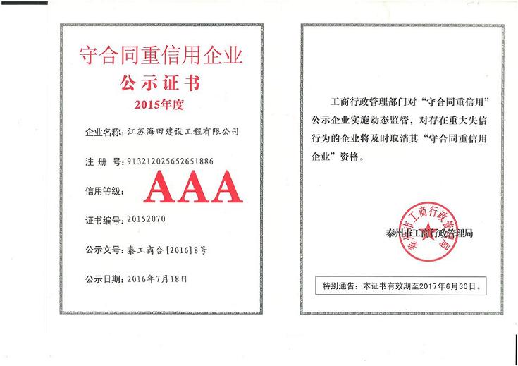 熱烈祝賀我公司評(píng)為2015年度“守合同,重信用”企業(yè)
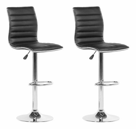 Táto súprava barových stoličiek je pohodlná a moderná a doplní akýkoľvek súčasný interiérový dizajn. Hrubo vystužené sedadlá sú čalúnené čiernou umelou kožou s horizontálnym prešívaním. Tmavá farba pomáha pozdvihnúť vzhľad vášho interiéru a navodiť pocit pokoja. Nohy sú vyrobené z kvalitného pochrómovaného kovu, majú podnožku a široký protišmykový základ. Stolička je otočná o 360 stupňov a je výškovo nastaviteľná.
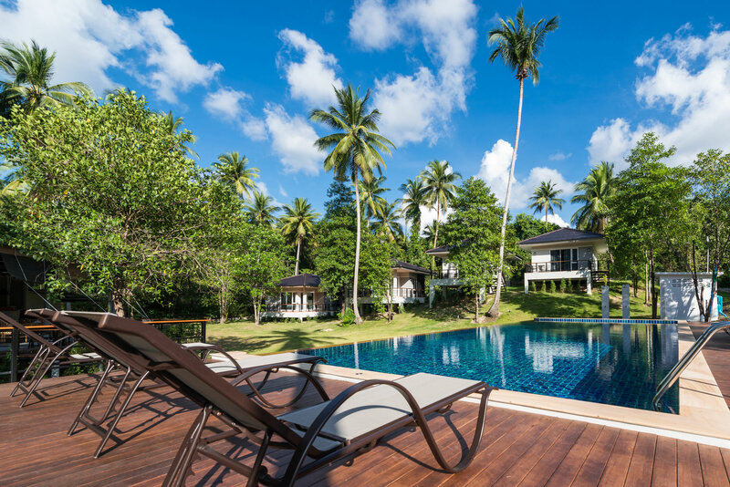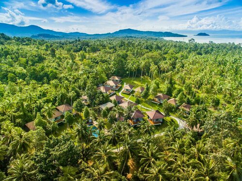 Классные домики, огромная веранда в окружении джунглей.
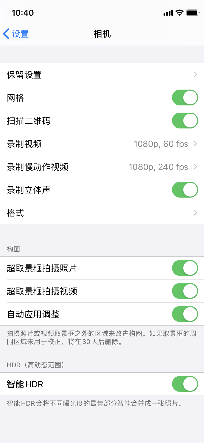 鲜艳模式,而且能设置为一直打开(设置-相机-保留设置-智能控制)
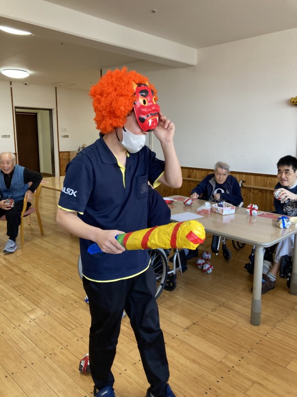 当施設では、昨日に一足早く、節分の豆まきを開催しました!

------------------------------------------------

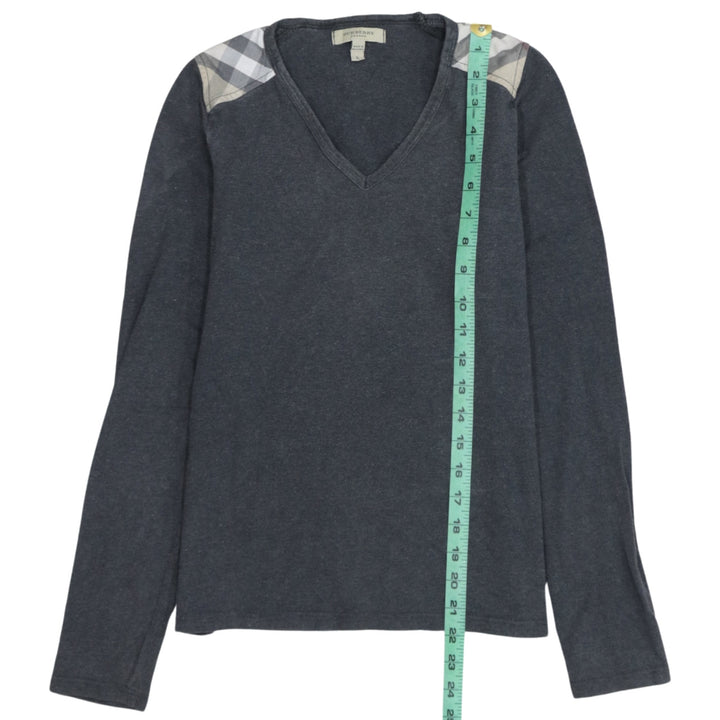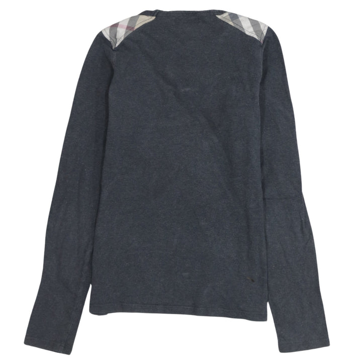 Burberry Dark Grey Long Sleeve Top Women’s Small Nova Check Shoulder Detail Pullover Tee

------------------------------------------------

**Your assignment**
Give back, exactly and without pictures, the stretch of the records above from the line containing "鲜艳模式,而且能设置为一直打开(设置-相机-保留设置-智能控制)" through the line containing "当施設では、昨日に一足早く、節分の豆まきを開催しました!", with both end lines included.

**Output below**
 鲜艳模式,而且能设置为一直打开(设置-相机-保留设置-智能控制)
 当施設では、昨日に一足早く、節分の豆まきを開催しました!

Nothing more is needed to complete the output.